〔摘 要〕我国82年宪法就确立了宗教信仰自由政策,但受到儒家思想、近现代自然科学、政治传统,以及在把握马克思主义宗教理论上长期的一些误区,加上来自国家安全、社会稳定方面决策的影响,我国的政教关系呈现出与西方不同的特点,即政教虽然分离,但宗教组织相对于政治权力机构长期偏弱。这样的政教关系导致宗教灰市黑市泛滥、过度管理和教产问题成为宗教管理工作中的难题。解决这些问题需要从完善法律制度、健全法治精神和推进宗教组织自治三方面入手,以宗教管理法治化实现平衡政教关系,从根源上解决宗教问题的目的。
一般而言,政教关系有广、狭义之分:狭义的政教关系,指宗教组织与政治权力机构的关系,一是宗教组织干政,二是政府的宗教管理。广义的政教关系不仅包括宗教对政治权立机构的影响,还包括宗教对政治意识形态的影响,对政治文化产生的影响〔1〕。广义政教关系所包含的文化现象不属于宗教管理的范围,因而本文政教关系采用狭义定义。中国的政教关系虽古已有之,但始终不同于西方。西方经历了罗马帝国和中世纪政教依赖的神学政治,到近现代政教分离的法治政治的发展历史。基督教塑造了欧洲文明,且始终是欧洲政坛的重要影响力量。中国先秦政教一体的神权政治经历秦汉重塑为世俗政权,演变成长达一千八百年的政教主从型政教关系。在近代化过程中宗教受到较大冲击,对政治的影响降到了极低的水平。进入新世纪后,一方面恐怖主义、民族分裂主义与宗教极端主义合流;另一方面现代社会的高度精神压力促使中国的宗教信众数量高速增长,中国的政教关系也在悄然地发生变化。通过分析影响政教关系的诸种要素以定性当代中国政教关系,有利于从深层次把握当前宗教管理中的一些难题,并且通过宗教管理法治化予以解决,以保障正常宗教活动,促进宗教和顺。
一、当代中国政教关系及影响因素
若单从宪法与其他相关法律制度的规范文本上加以考察,我国与欧美诸国一样,是政教分离的现代国家。但中国的政教关系始终受到多种因素的制约,既有历史遗存的老问题,又有现代社会的新问题;既受到外来因素的影响,又与中国宗教的特性相关。总的来说,可以将影响中国当代政教关系的因素概括为以下五个方面:
一是儒家思想始终塑造和影响着中国的政教关系。儒家学派在神灵问题上存在较强的实用主义倾向。孔子在《论语》中拒绝从存在论的角度论证鬼神的有无和人死后的情状,他说:“不知事人,焉知事鬼”“不知生,焉知死”〔2〕,但同时儒家又不断强调天的终极性。正是在这样的思想影响下,先秦的敬天法祖传统在封建时代得以延续并进一步发展,成为中华文化的一种精神特质。庞大的宗族将有限的家庭财产集中起来,形成了一个个社会自治组织,为家庭内部成员提供各种各样的公共服务,削弱了宗教作为公共服务供给成员在社会中扩张的机会。孝既赋予家庭以道德上的追求目标,其政治化又强化了忠的要求,是以国人对追求彼岸,不敬祖宗、不拜皇帝的宗教始终保持着一种排斥的态度。

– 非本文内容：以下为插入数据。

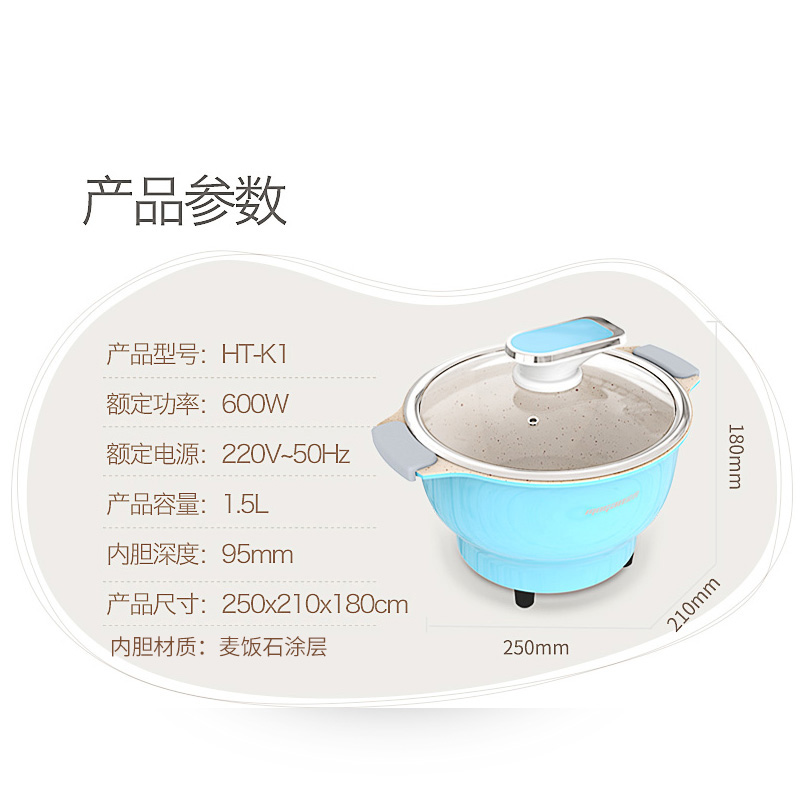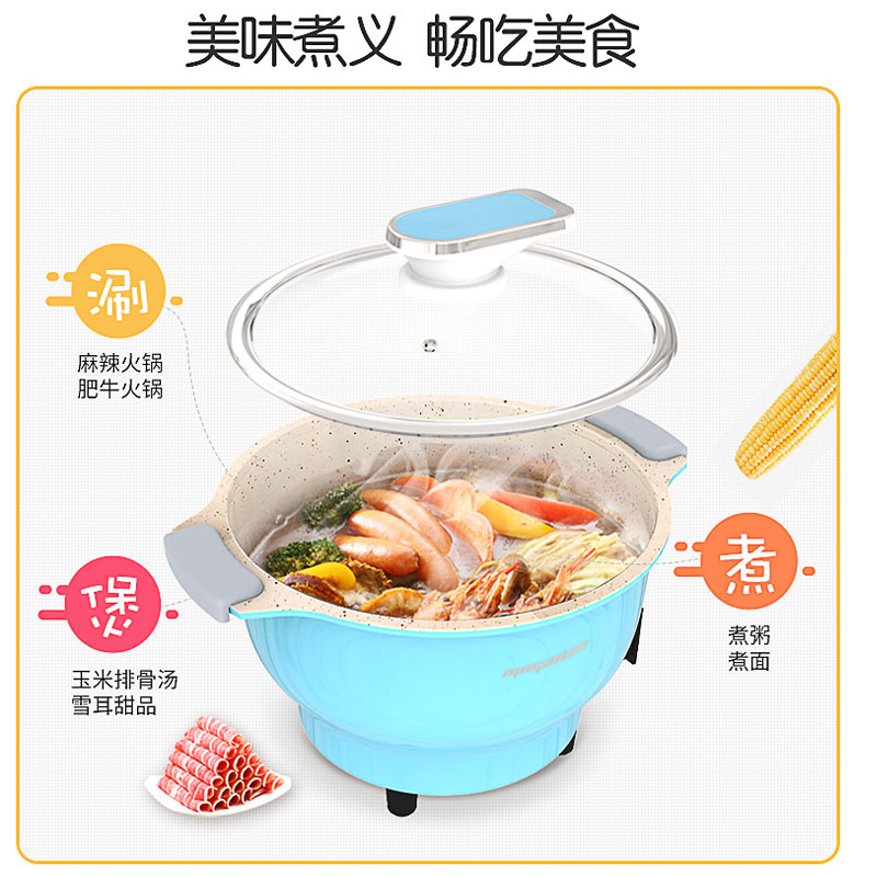家用多功能电火锅【麦饭石涂层/蓝色】

二是封建王朝的统治者始终对宗教进行严格的控制,并且通过历史惯性遗留到了今天。造成这种控制的原因是多方面的。首先,中国宗教多系外来,统治者面临华夷之辨时更倾向于维护儒学正统。其次,寺庙道观经过数代传承往往聚集大量财富,神职人员脱离生产在王朝衰落时又常具有**的社会影响,统治者借打击宗教以增加财政收入和劳动力数量。再次,历史上多次发生借助民间宗教的农民起义,使统治者对宗教一直保持警惕性。皇帝对神明加以敕封,表示皇帝的权力不仅对俗人俗事有效,而且对很多神灵也同样适用〔3〕。对王权的合法性来源“上天”,则严格垄断举行祭天仪式和解读天象的权力;宗教场所的修建要经过审批,历朝设专职机构处理宗教事务;任何有悖于儒学正统的宗教都可能被当作异端加以迫害〔3〕151。这种对宗教的严格控制在历史往复中不断强化,至今一些执政者仍然对宗教组织抱有怀疑、戒备和严控的基本态度。

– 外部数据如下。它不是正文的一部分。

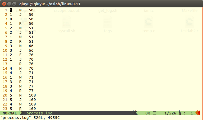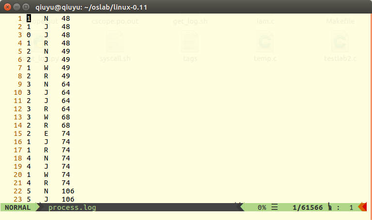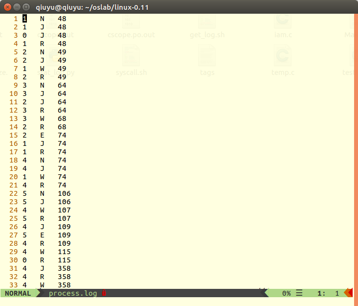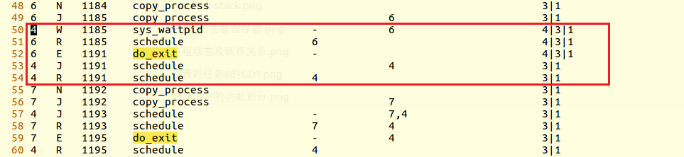 正如上面所提到的,当系统无事可做时(当前没有可以运行的进程)时就会调度进程 0 执行,所以schedule调度算法不会在意进程 0 的状态是不是就绪态(TASK_RUNNING),进程 0 可以直接从睡眠切换到运行。而进程 0 会马上调用pause()API 主动睡觉,在最终的内核实现函数sys_pause中又再次调用schedule()函数。也就是说,系统在无事可做时会触发这样一个循环:schedule()调度进程 0 执行,进程 0 调用sys_pause()主动睡觉,从而引发schedule()再次执行,接下来进程 0 又再次执行,循环往复,直到系统中有其他进程可以执行。而这个循环每执行一次的时间很短,所以在系统无事可做时,这个过程将十分频繁地重复,所以如果一五一十地记录下这个循环中进程 0 从睡眠(W)-> 运行(R)-> 睡眠(W)的过程,那么最终生成的 log 文件会因为这一频繁的循环而变得特别庞大,要比不这样记录的 log 文件大小上大上至少 10 倍量级!所以,为了简化 log 文件中这个不必要的重复信息,可以简单地认为在系统无事可做时,进程 0 的状态始终是等待(W),等待有其他可运行的进程;也可以叫运行态(R),因为它是唯一一个在 CPU 上运行的进程,只不过运行的效果是等待,我采用第二种简化。

三是近代以来自然科学的冲击。近代中国被卷入世界浪潮后,工业革命的成果为刚刚“开眼看世界”的国人留下了很深的影响。从最初引入先进机器,到学习自然科学,再到思想启蒙,国人对自然科学经历了器物———知识———文化的认识深化。于此同时,宗教作为自然科学的对立面受到了极大的冲击。首先,近代科学技术昌明,使人类社会为之一新,以形上思辨为特征的哲学,对宇宙本体的比附推想及其终极关怀或终极追求,也因近代科学技术的成果,在某种程度上变得可视、可触了〔4〕。其次,知识分子将反宗教,特别是反基督教与反殖民结合起来。罗素受中国青年联合会的邀请来华演讲时说“外国人来到中国有三个动机,即打仗、挣钱和使中国人皈依我们的宗教”,鼓励中国人以民族主义和科学作为反对宗教,尤其是反对基督教的动力〔3〕284。再次,民间宗教夹杂的迷信活动,在知识分子改造乡村的社会运动中常常成为被攻击的对象。从1922年的反宗教运动到20世纪60年代的破四旧运动中,都不乏破除宗教迷信、宣传自然科学、征用宗教场所改造为学校的实践。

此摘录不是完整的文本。